Beginning with the first volume of Critique of Everyday Life, written in 1947, Lefebvre suggested that capitalism was commoditizing not only labor but also leisure, family, sexuality, the body, and the imagination. He emphasized that “there can be alienation in leisure just as in work. … So we work to earn our leisure, and leisure has only one meaning: to get away from work” (1991, 39–40; italics in original). Like the Frankfurt school, Lefebvre observed that Western societies were becoming increasingly oriented around consumption and commercial entertainment, but while these apparatuses of the culture industry promised relief from the workplace, in reality they represented an extension of alienation in everyday life. Lefebvre sought to theorize the junction of instrumental rationality and mass culture through the term “the bureaucratic society of controlled consumption” (1984, 68–109).

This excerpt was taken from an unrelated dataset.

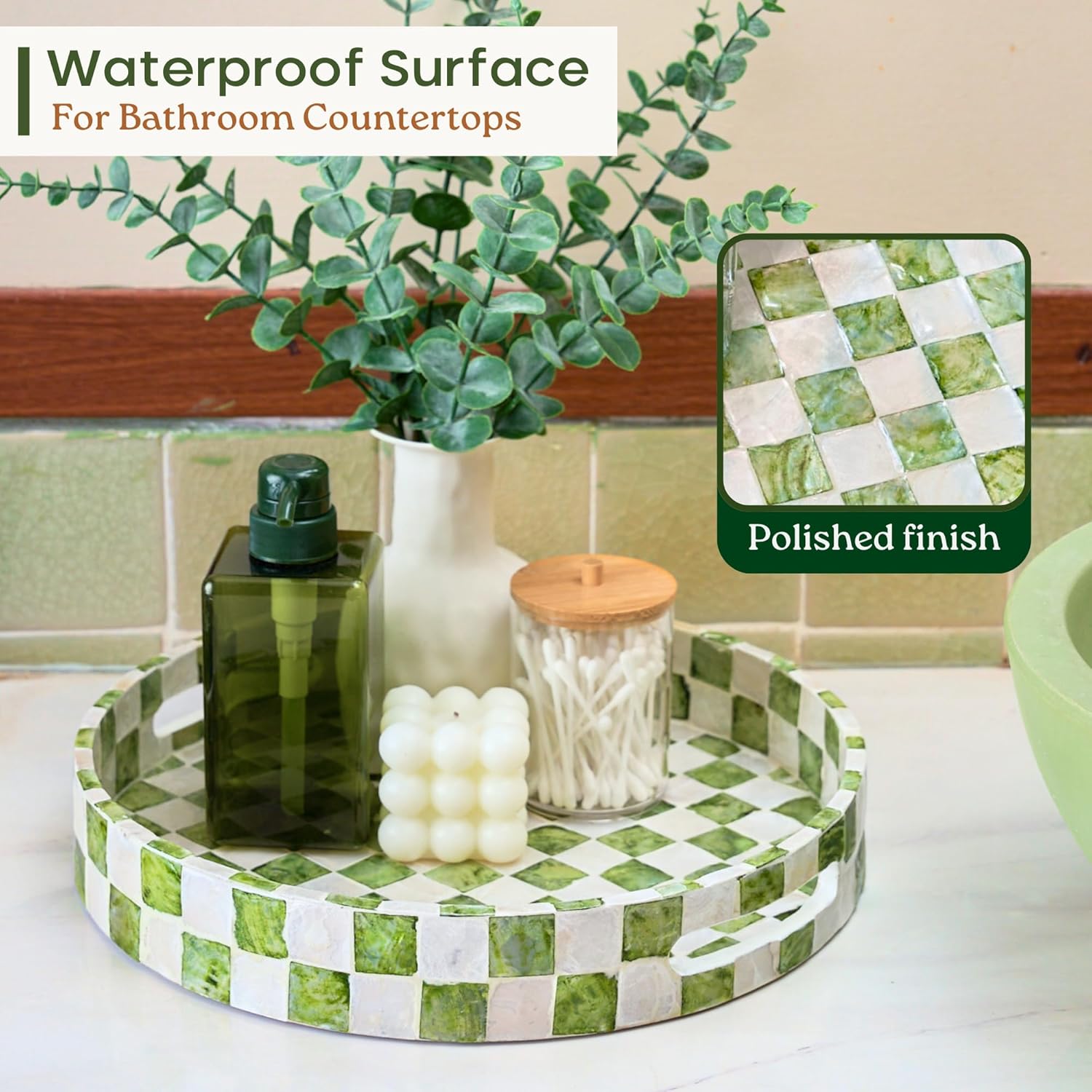 12.6″ Capiz Decorative Tray with Handles, Checkered Round Serving Tray for Coffee Table, Kitchen Counter, or Bathroom (Pistachio Green)

Nonetheless, Lefebvre refused to succumb to the pessimism and despair that engulfed other Marxists in the decades after World War II. From Lefebvre's perspective, the consumer culture did not represent the triumph of “false needs” because leisure, pleasure, and self-expression are all essential human faculties. What are false are not the needs that capital promises to fulfill but the commodities and signs that are supposed to realize them. Lefebvre wrote, “They can thus hold a real content, correspond to a real need, yet still retain an illusory form and a deceptive appearance” (1991, 40). Although their diagnoses of postwar society were otherwise quite similar, Lefebvre thus felt compelled to differentiate himself from Herbert Marcuse: “Can terrorist pressures and repression reinforce individual self-repression to the point of closing all issues? Against Marcuse we continue to assert that they cannot” (1984, 66). As early as 1962, Lefebvre had identified young people as a potentially revolutionary agent of social change: “Everywhere we see them showing signs of dissatisfaction and rebellion. … It is they who continue the uninterrupted dialogue between ideal and experiment” (1995, 195). In May 1968, the speculations of Lefebvre and the like-minded Situationist International momentarily came to fruition as young people seized the streets of Paris while general strikes and mass demonstrations involving millions nearly toppled the French government.